Segment Start: Records shown

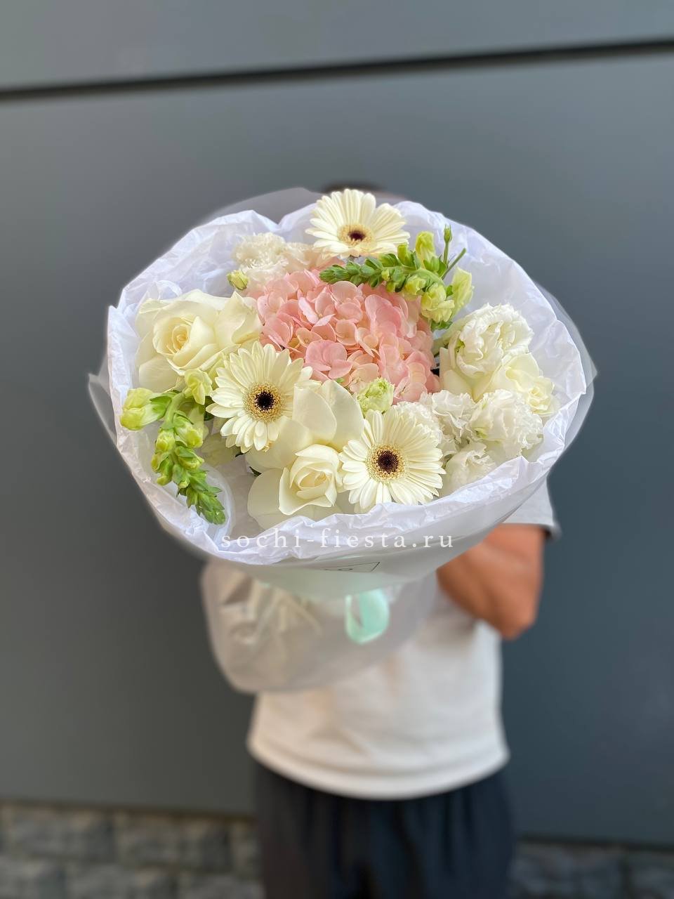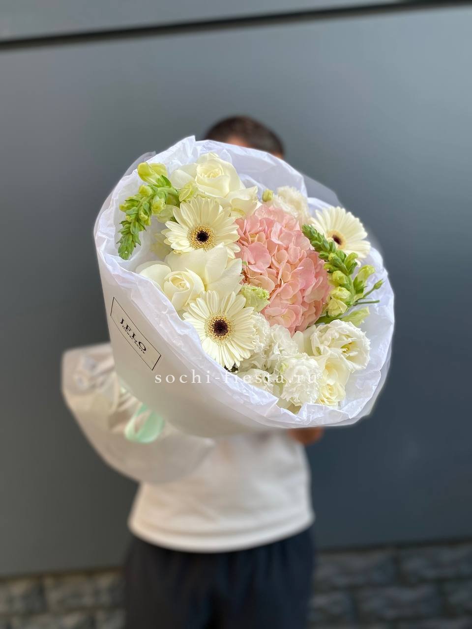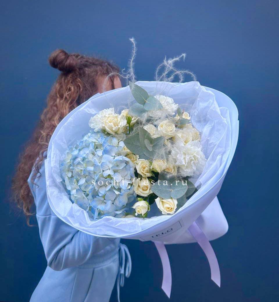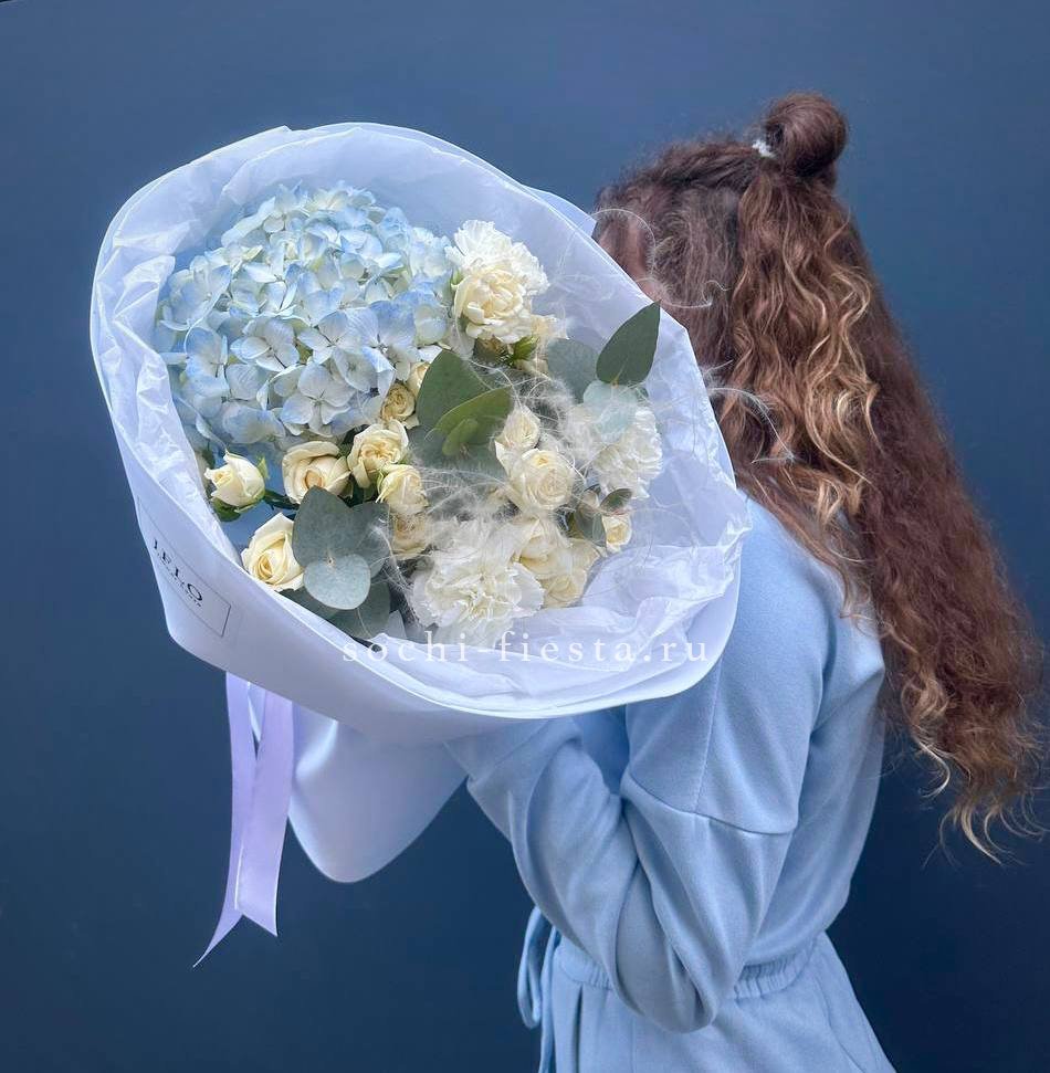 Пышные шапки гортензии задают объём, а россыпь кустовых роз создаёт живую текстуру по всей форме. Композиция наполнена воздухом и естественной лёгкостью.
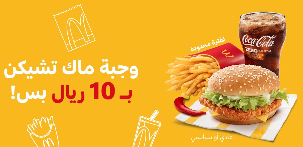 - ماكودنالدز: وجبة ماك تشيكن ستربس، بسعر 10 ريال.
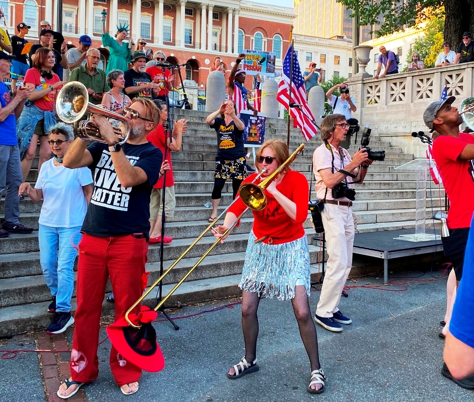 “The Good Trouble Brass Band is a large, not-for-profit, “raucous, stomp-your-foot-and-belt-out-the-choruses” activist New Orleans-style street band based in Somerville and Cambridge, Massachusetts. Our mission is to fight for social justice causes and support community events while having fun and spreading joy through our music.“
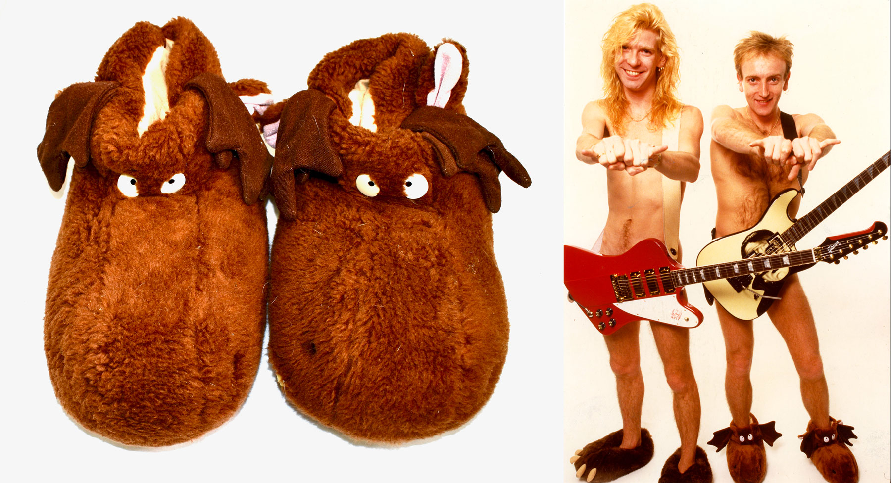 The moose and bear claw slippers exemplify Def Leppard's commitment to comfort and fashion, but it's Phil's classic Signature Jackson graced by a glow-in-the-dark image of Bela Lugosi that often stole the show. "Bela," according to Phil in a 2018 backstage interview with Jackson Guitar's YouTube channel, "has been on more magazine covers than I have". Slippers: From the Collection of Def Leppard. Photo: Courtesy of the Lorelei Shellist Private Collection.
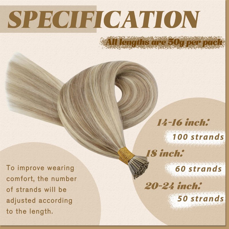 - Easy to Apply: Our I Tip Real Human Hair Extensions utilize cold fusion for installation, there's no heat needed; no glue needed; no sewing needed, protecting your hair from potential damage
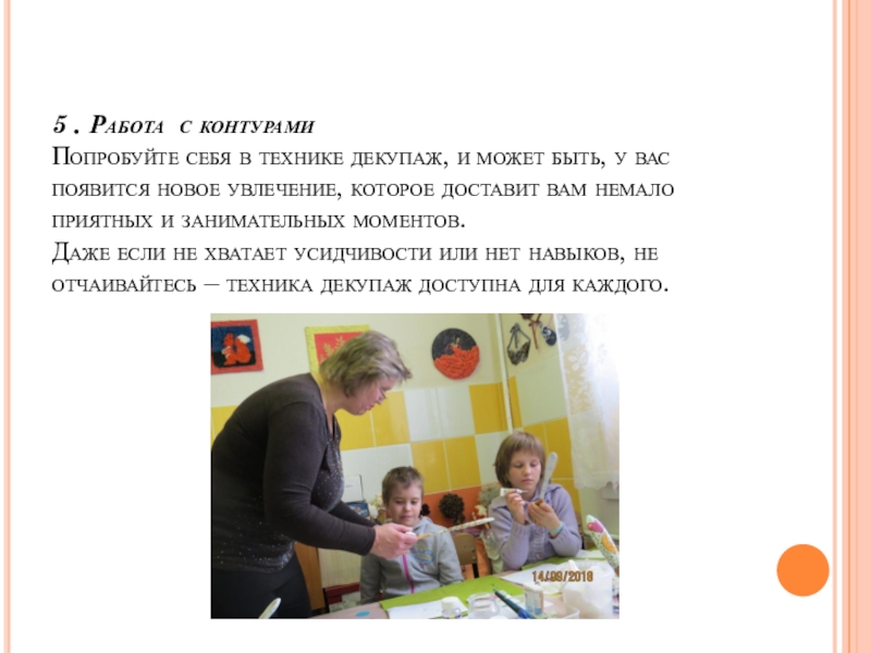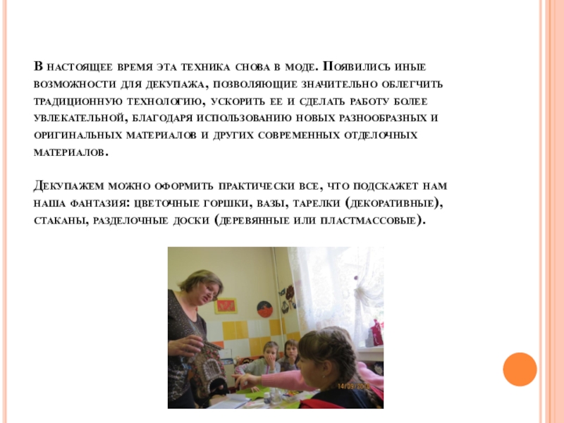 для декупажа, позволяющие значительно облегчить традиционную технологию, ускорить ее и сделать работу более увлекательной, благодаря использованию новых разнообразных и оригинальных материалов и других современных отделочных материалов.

Segment End: Records shown

## Your assignment
Set down again, exactly, the lines from the one with "- Easy to Apply: Our" to the last line of the data, both included and pictures excluded.

## Response to the task
 - Easy to Apply: Our I Tip Real Human Hair Extensions utilize cold fusion for installation, there's no heat needed; no glue needed; no sewing needed, protecting your hair from potential damage
 для декупажа, позволяющие значительно облегчить традиционную технологию, ускорить ее и сделать работу более увлекательной, благодаря использованию новых разнообразных и оригинальных материалов и других современных отделочных материалов.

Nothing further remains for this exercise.